I really prefer a creative, cerebral, awake high. If all the trichs could be cloudy, that’d be just fine for me. I was mostly looking for a few amber simply because I knew then that I probably wouldn’t be too EARLY to harvest it. (The first time I saw clear, cloudy and amber all at the same time, my OCD side went off like a roman candle. )
Might I suggest you find a point where some of the trichs are cloudy but most are still clear.
If the high is not quite there let more get cloudy but not all of them just yet.
If that is still not what your after let most of them if not all get cloudy.
But if the trichs are starting to dry up and wither you may have waited too long.

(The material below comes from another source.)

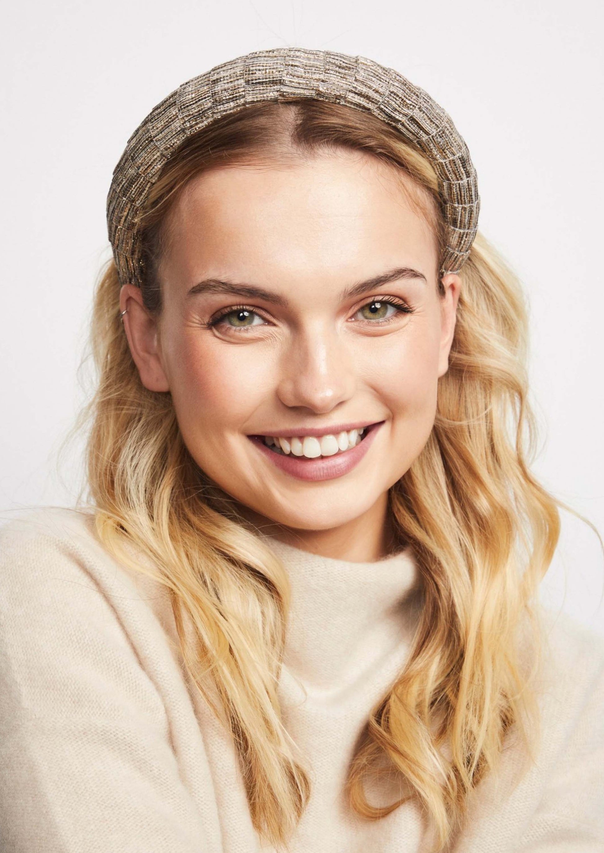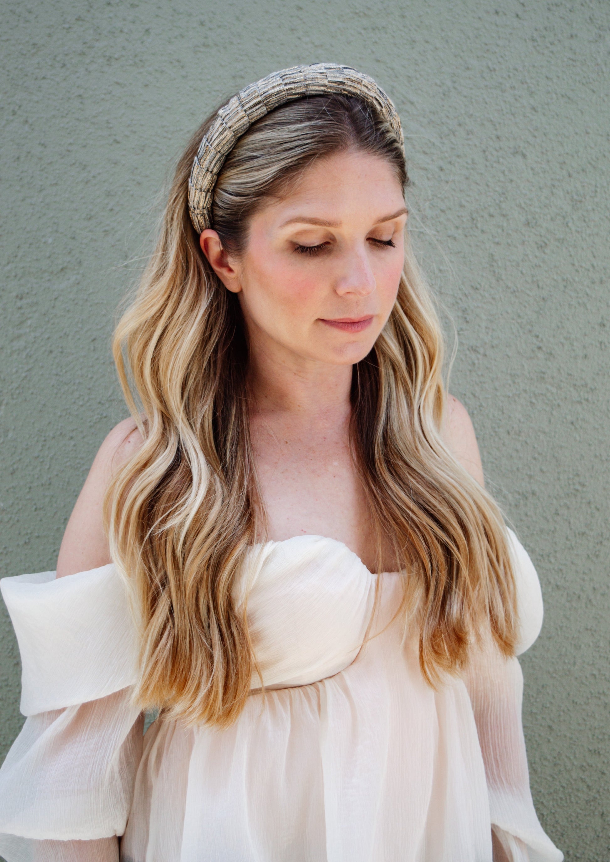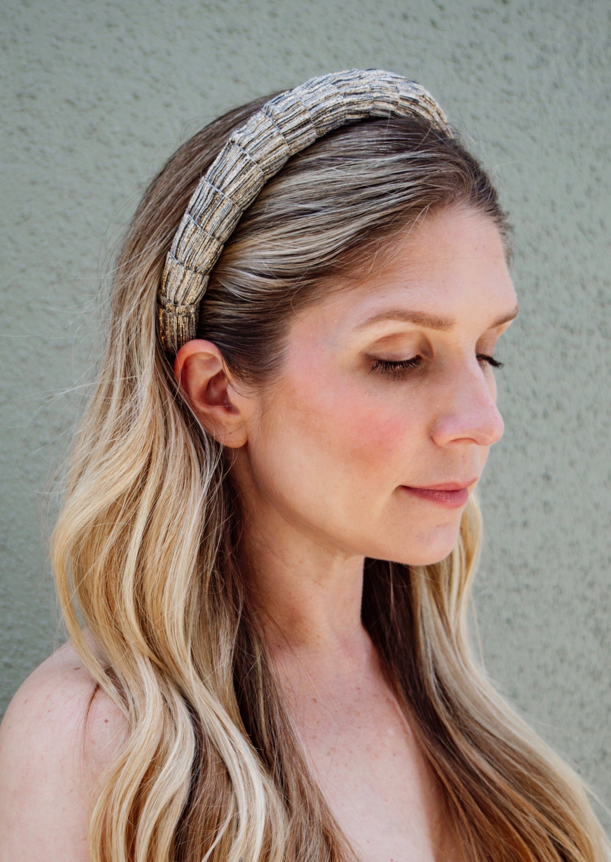 Add a little neutral sparkle with our Bianca headband. Crafted from a gold, black and nude metallic tinsel ribbon, this headband is hand wrapped around a lightly padded base creating a rich and chic luster. Party time!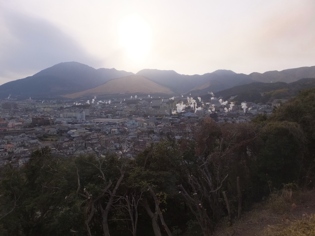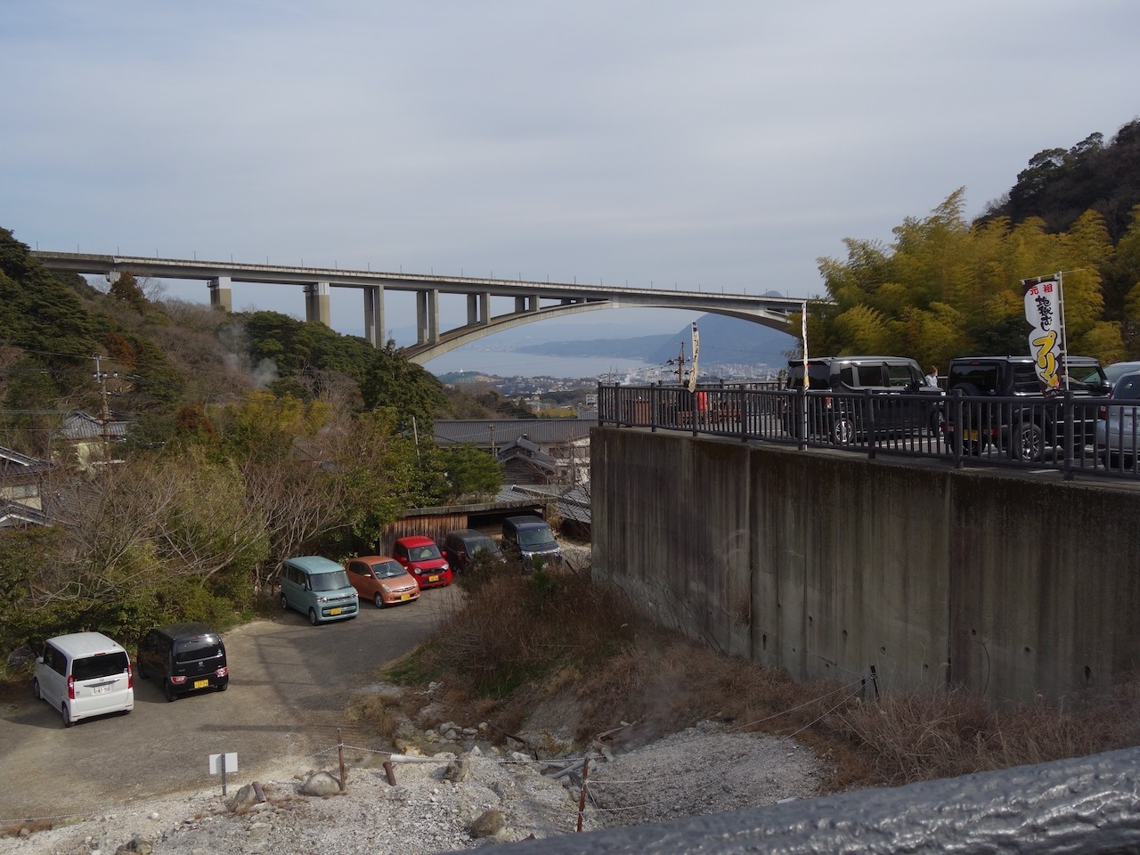 車の場合は別府でぜひとも行っておきたい場所です。別府の温泉を一望できます。お湯の煙がいたるところから出ています。ただ、ここは住宅街の中。道は細く、曲がりくねり、小さな案内板が頼り。駐車場も台数は少なく、たまたま空いていたのですが、黄昏時や夜景鑑賞のときは満車もあるかも。

Unless you are looking for a sleepy type of high.
Some people consider “day 1 of flower” as the day that the lights are flipped. Others consider “day 1 of flower” as the day that the plants start to bud. If you use the latter, the breeder time is usually pretty close. I assume they use it just because it sounds better, and really it’s more accurate because the plants are basically still in veg until buds start to form. The stretch is like super vegging.
I gotcha, and that sounds good. In my very limited experience, it seemed like a long wagon train: at some point, mostly were cloudy. Maybe 5 percent were still clear, and 5 percent were amber, but 90 percent were cloudy. Thanks for this, man.
I have a theory that PPFD may not need to be reduced if water is consistently available.
I’m testing this with my current setup. Flowering at 11/13. PPFD is well over 1K and I’ve noticed plants can manage but require more refills of water. I’ll see if final results are worth it.
Interesting theory, let me know how it goes? I made the point about my managing heat, but what about light and its affect on trichome health just before harvest? It DOES make intuitive sense to me that we should be more gentle at the end – perhaps THAT is why backing off the PPFD?
I heard about it through Rasta Jeff (breeder for Irie genetics). He claims bigger weights from the switch but when I tried it, I didn’t notice a difference. Maybe if you run the same plant for a while and had data of what it produced with and without the switch you could make a case.